Our agent/advisor survey respondents clearly indicated a preference towards traditional stand-alone long term care insurance and combo plans that included long term care accelerated death benefits and/or extension of benefit riders. It does not appear that chronic illness accelerated death benefit riders with contractual language and benefit payment methods similar to long term care riders appeal to many agents/advisors. It is not clear from the LIMRA data which insurance companies are using updated best practices re the HIPAA claims qualifying definition. We believe this contractual language matters to agents/advisors and consumers. Agents/advisors also indicated the expansion of life combo policies offering recurring premium options have made these products more accessible to more consumers.

Our initial takeaways from this data are:

  • Utility and value of “zero-premium living benefit” riders are unclear to agents/advisors or consumers.
  • Agents/advisors prefer long term care benefits over chronic illness benefits.
  • Entry-level premium matters.

Who is the Customer?
Agents/advisors agree that the best client to have a long term care planning discussion with has had a family member who needed long term care and/or they have been a caregiver themselves. Cost of care, desire not to be dependent on family, and control over type and location of long term care services are key consumer motivators.

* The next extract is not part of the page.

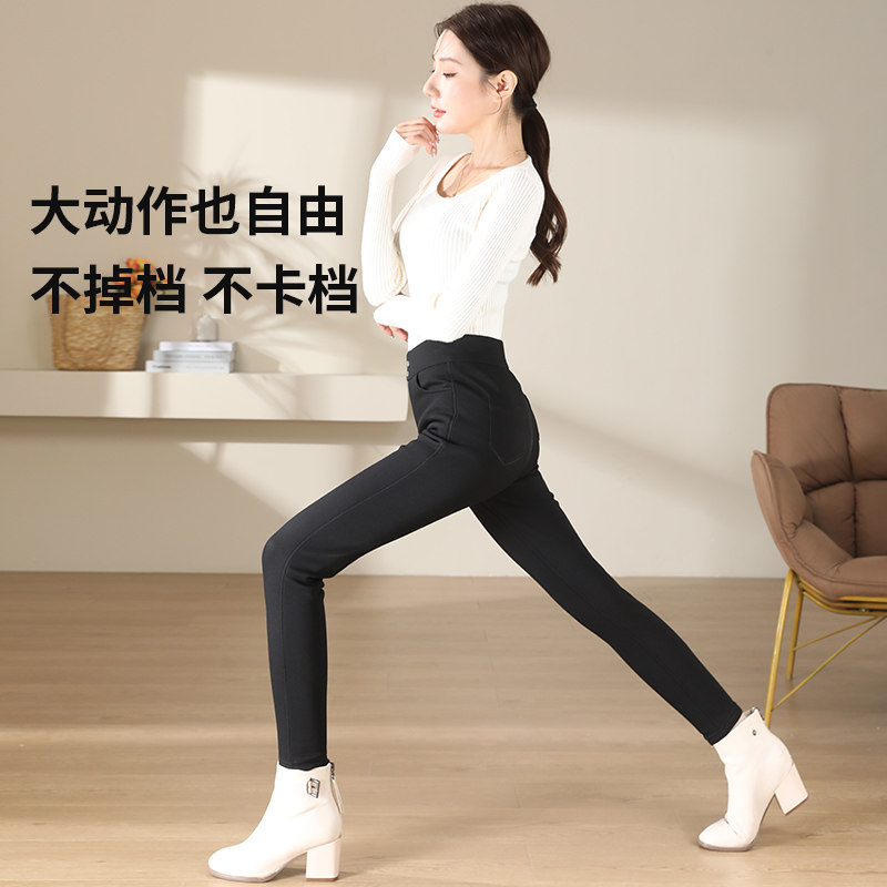高腰打底裤女2025新款冬外穿加绒加厚保暖棉裤黑色紧身铅笔小脚裤

Considering that most of our respondents actively include long term care planning in their insurance and financial practices, it comes as no surprise that they proactively have the conversation with clients and have a high comfort level doing so. However, this comfort level may be exaggerated by our survey sample. A 2017 Consumer/Advisor survey by Lincoln Financial Group found that 28 percent of advisors found it difficult to discuss long term care with their clients, while only 12 percent of our respondents found it so. The Lincoln Financial Group2 survey reported that 76 percent of consumers would find it valuable if their advisor discussed long term care planning with them. Coincidentally, our survey respondents indicated that 75 percent of the time they raise the planning idea before their clients do.

Our initial takeaways from this data are:

  • Experiencing the hard truths of the long term care event continues to be a primary consumer motivator.
  • Proactive and systematic inclusion of the long term care planning discussion leads to sales success.
  • If the agent/advisor waits to be ”asked,” they either missed the sales opportunity or it is probably too late to help.

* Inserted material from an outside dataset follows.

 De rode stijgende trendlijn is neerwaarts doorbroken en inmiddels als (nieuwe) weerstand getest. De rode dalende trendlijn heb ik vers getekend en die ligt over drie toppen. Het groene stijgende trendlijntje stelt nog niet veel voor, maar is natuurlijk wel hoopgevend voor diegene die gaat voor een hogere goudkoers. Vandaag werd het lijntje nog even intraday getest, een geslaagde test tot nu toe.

How–Best Practices–Is the Sale Made?
“Nothing happens until a sale is made.” These immortal words by Thomas J. Watson, Sr., speak directly to the proactive nature of sales success. With this in mind, we wished to determine if there are unifying practices successful agents/advisors use as they navigate consumers through the long term care planning discussion. Approximately 40 percent of those surveyed indicated the conversation began as a specific “dominant need” conversation. An almost equal number said long term care planning was part of their overall financial design process. Sixteen percent said the discussion was part of their life insurance review activity.

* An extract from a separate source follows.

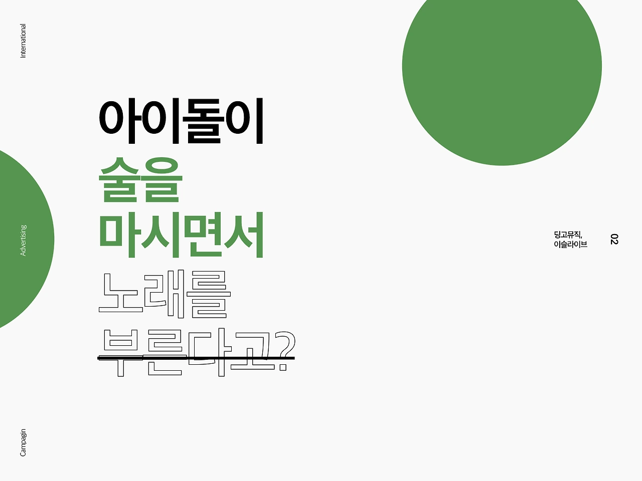 사용할 수 있는 콘텐츠 소스가 마땅히 없던지라 톡톡 튀는 컬러와 함께 타이포 배치를 포인트로 제작했다.

“Upgrading” an existing life insurance policy to include long term care or chronic illness benefits was a key talking point for agents/advisors. 1035 Exchange opportunities also came into play when appropriate. The top three client “screening” techniques continue to be health evaluation and insurability assessment, financial appraisal, and discussion of personal financial goals. Ultimately, however, the sale continues to be fueled by experience with long term caregiving.

Why?
As we have said in the corporate boardrooms of insurance companies, prior to a consumer purchasing a life or long term care insurance policy an agent/advisor must believe that risk is real and the product they are offering has value. It is clear from our survey that the respondents are passionate about long term care planning. Many own it themselves, have had long term caregiving experiences and believe it is the cornerstone of a complete financial plan. From our experience these are universal traits of most successful life/long term care insurance professionals. The big questions for insurance companies and distribution is: How do we imbue more producers with these attitudes and enthusiasm?

Takeaways for Another Day
As we analyze and correlate survey responses with the team at Oliver Wyman, a number of themes have percolated to the top of our list for continued consideration:

  • Confusion exists among agents/advisors about the nomenclature used to describe various combo products. What is the difference between combo, hybrid and linked? Is it time for the insurance industry to get together and create terminology accepted by all? Clarity should not be a rarity.
  • Even more confusion exists about the differences between IRC Section 7702b long term care vs. 101g chronic illness benefits. What type of training should we create to address the differences, advantages, and disadvantages of these two types of solutions for long term care planning?
  • Technology solutions offered by insurance companies get mixed reviews. Are we ready to examine what is working, and what is not, to make it easier for agents/advisors and consumers to access planning solutions?
  • No consistent “COVID-19 message” pertaining to long term care planning has surfaced. Maybe it is too early, but it seems there are several obvious ones that agents/advisors could be utilizing.
  • Agents/advisors continue to focus on the affluent market. However, the survey respondents indicated that expanding to the mid-market was of keen interest to them. What can carriers and distribution do to help create a larger playing field?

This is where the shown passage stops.